I had some really good doctors and clinicians that even though I was only a 19 years old, they talked to me as well as my family. I’m sure there—well, I know there’re things they said to my family that they didn’t say around me back then. I mean I’ve learned that since, but I just had some good folks that were able to talk to me about what had happened, what my prognosis was. In fact, I remember I was stabilized and ultimately transferred from Greenville, North Carolina to Charlotte, North Carolina for rehab. Wasn’t in an airplane by the way, it was in a back of an ambulance for a long ride.

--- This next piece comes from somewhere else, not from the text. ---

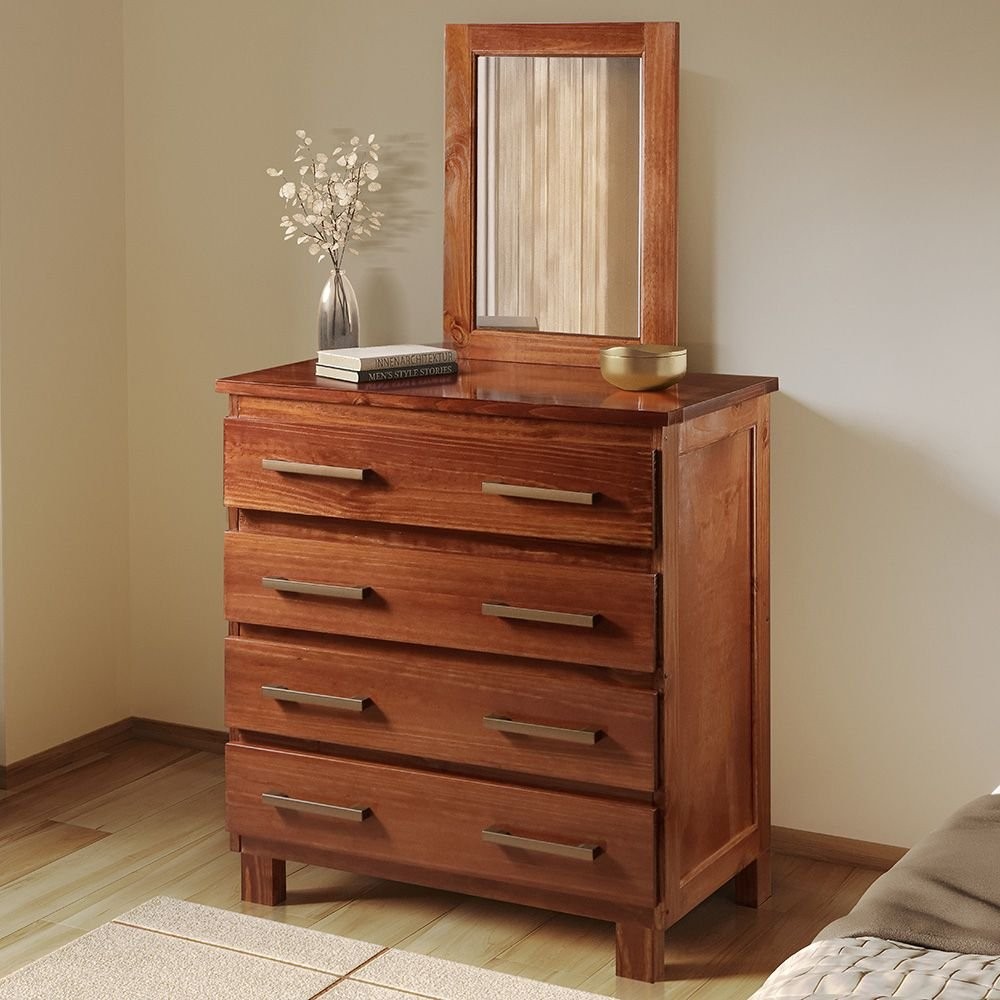 Cômoda com Espelho e Pés 4 Gavetas Lisboa Mogano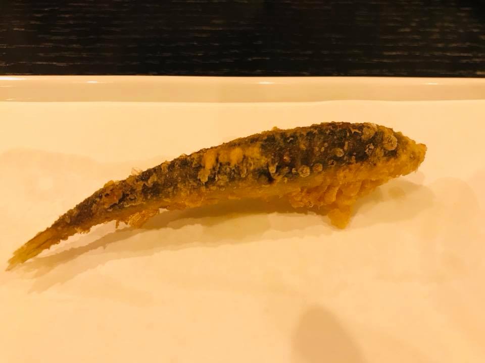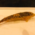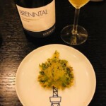 油の中で極限まで水分を飛ばして揚げられた「キス」のミネラルが、熟成してなお爽やかさを残すビアンコと絶妙にマリエージュ。ほんのりと感じられる柚子の香りは和と伊の融合。

But that physician who put my—I didn’t have surgery, but they put like four posters, you know, stabilize my neck. He grabbed my hand and said “if you can do more of that, that will take you a long way.” And so, I knew right then kind of like, you know, to work on the wrist.
I got to rehab; I had a great O.T., a great P.T., physical therapist and occupational therapist, who explained to me what I was facing. I mean, what did I have to use. I had to compensate; I had to use my mind for the things I lost physically.
We had discussions with the doctors. We had a family meeting and discussed treatment. You know, what had actually happened to my spinal cord. Saw a picture, a X- ray and I was like, “oh, how magnified is it?” “Oh, it’s not magnified.” And the screw was like—I have screws in my back and they’re like really big. It was really, it’s kind of disbelief at first. I mean, it takes a while to get okay with that.
I don't remember there ever being a time where it like sunk in “you’re a paraplegic now.” It was just this is what it is. My family is—I have very good parents and my family is very like, “here's the problem, here's how we are going to fix it, here's what we do, and you keep on keeping on.”
I think that in the beginning you really don’t grasp what has happened, because you are faced with this event, and things are so different, and they really don’t talk about it a lot. They address the injury, but they really don’t say to you that “X, Y, Z is going to happen.” So, you have to live and learn each day, and you listen to the doctors. You’re at the hospital during certain times, but then doctors there, and I think because of his age, he is an adult, they talk to him. So, you really don’t know. You know that your life is going to be different, you know that there’s a lot of uncertainty, but you just can’t put your finger on it I think.
That's really where I got my grasp of what the spinal cord injury was in rehab—and it was pretty quick and pretty in your face. At that point, you're just bombarded with information and education on all of the things, the medical side, but also the potential side of, of you know, this is what you will be able to do, this is what you can do, these are the possibilities. It was really brought to the fact that my potential was really based on my drive.